## Data records
═══

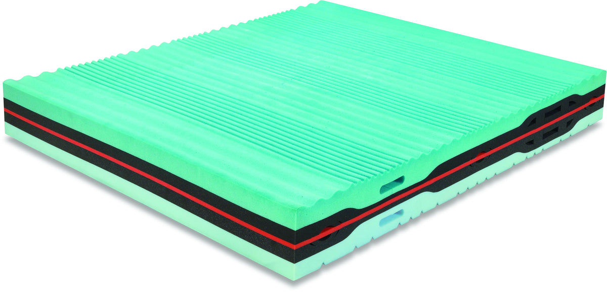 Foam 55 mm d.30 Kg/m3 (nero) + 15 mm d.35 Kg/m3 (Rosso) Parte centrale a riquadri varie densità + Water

═══

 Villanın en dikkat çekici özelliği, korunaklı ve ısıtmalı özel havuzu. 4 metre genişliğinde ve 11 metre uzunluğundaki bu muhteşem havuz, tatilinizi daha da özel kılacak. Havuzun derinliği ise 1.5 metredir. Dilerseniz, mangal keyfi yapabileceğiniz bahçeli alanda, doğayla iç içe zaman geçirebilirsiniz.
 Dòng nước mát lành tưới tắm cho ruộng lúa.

═══

## Problem details
In the data above, retype exactly and only the lines between the one holding "Villanın en dikkat" and the one holding "Dòng nước mát lành tưới tắm cho ruộng lúa.", inclusive.

## Exercise result
 Villanın en dikkat çekici özelliği, korunaklı ve ısıtmalı özel havuzu. 4 metre genişliğinde ve 11 metre uzunluğundaki bu muhteşem havuz, tatilinizi daha da özel kılacak. Havuzun derinliği ise 1.5 metredir. Dilerseniz, mangal keyfi yapabileceğiniz bahçeli alanda, doğayla iç içe zaman geçirebilirsiniz.
 Dòng nước mát lành tưới tắm cho ruộng lúa.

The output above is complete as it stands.